Understanding the differences between the attached and suspended microbial communities is of interest for understanding potential removal of groups containing pathogens and for understanding the impact on surface water microbial ecology. The attached and suspended microbial communities observed in CSO effluent clustered together without significant differences for 4 out of 14 samples collected across the three storms (Figure 7 and Supplementary Figure A6). LEfSe analysis revealed 28 discriminating features serve as biomarkers for wastewater and CSO resembling wastewater compared to the attached and suspended stormwater microbial communities (Supplementary Figure A9). The ability to identify biomarkers of attached compared to suspended stormwater microbial communities reinforces observations that the fraction attached to particles varies for different microbes (Suter et al., 2011). LEfSe analysis indicated that the phyla Firmicutes and Epsilonproteobacteria, which includes the order Enterobacteriales, were biomarkers of wastewater. Other researchers also observed genera belonging to Epsilonproteobacteria to be sewage biomarkers (McLellan et al., 2015). CSO events were also associated with increases in Epsilonproteobacteria and Clostridia, as well as Gammaproteobacteria, Bacteriodia, and Bacteroidetes in the receiving water (Newton et al., 2013). Differences in the sewage signatures observed between these studies are likely due to a combination of differences in targeted variable region known to impact amplicon sequencing results (Tremblay et al., 2015) and geographical and population differences which can alter the sewage microbiome (Newton et al., 2015). The storm samples that did not have wastewater signatures had higher relative abundances of Alphaproteobacteria and Actinobacteria compared to the storm samples clustering with wastewater. Other researchers looking for biomarkers of stormwater also observed elevated relative abundances of genera in the class Actinobacteria along with Gammaproteobacteria and Betaproteobacteria (McLellan et al., 2015), with the same caveats as above on targeted variable region.

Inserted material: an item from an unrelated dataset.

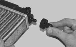 16. Установите радиатор в порядке, обратном снятию, предварительно надев на штифты радиатора подушки нижнего крепления и вставив в кронштейны втулки верхнего крепления.
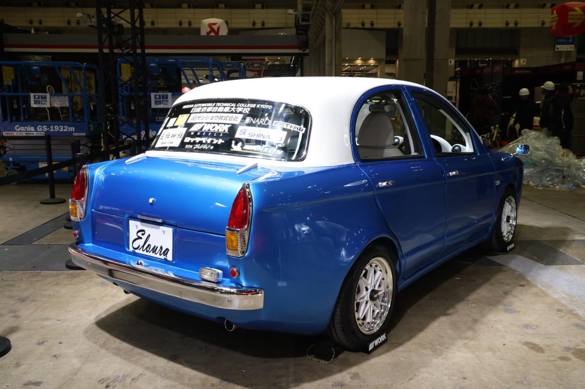 コンセプト「街乗りスタイル、デザインと走りに特化」キャッチコピー「時代を超えて輝くデザイン」 夫婦で車好きの女性をターゲットにした、K13マーチをベースに312ブルーバードの外装を組み合わせてパイクカー風のレトロなコンパクトセダンを作成しました

Treatment by hydrodynamic separation removes settleable materials by gravity and extension of the particle flow path (Alkhaddar et al., 2001). Therefore, one cannot directly compare the centrifugal forces used in this study to separate settleable particles to the centrifugal forces in hydrodynamic separators, because that is a minor mechanism for particle removal. However, one can optimize these systems for removal of the settleable particles. Wilson et al. (2009) determined that Peclet number (a function of settling velocity, hydrodynamic separator dimensions, and flow rate) could be used to predict removal efficiency for hydrodynamic separator treatment devices. Particle settling velocity was determined using previously reported characteristics of the attached and suspended fractions separated by the centrifugation technique applied here (Krometis et al., 2007) (Supplementary Table A1). As an example, using these settling velocities and example flow and dimensions provided by Wilson et al. (2009) for a select unit, one would estimate 0.3–35% removal of suspended particles. However, units can be sized to improve these removal efficiencies. Given that peak concentrations of ARG and fecal indicators were observed at various times during the storm events, removing settleable particles throughout the storm rather than targeting first or final flush may be needed. Even with 100% removal of ARG on settleable particles, further treatment may be desirable, particularly if one assumes the ARG present in the untreated wastewater fraction of CSO effluent are in viable cells. Often disinfection is included post-separation [e.g., (Patoczka et al., 2016)]. Disinfection has been shown to inactivate microbes carrying ARG (Dodd, 2012) and UV disinfection can help destroy ARG (McKinney and Pruden, 2012). Thus, the relative concentration (compared to baseflow, which also showed variability) and compartment (viable vs. non-viable) may be of consideration for determining treatment goals.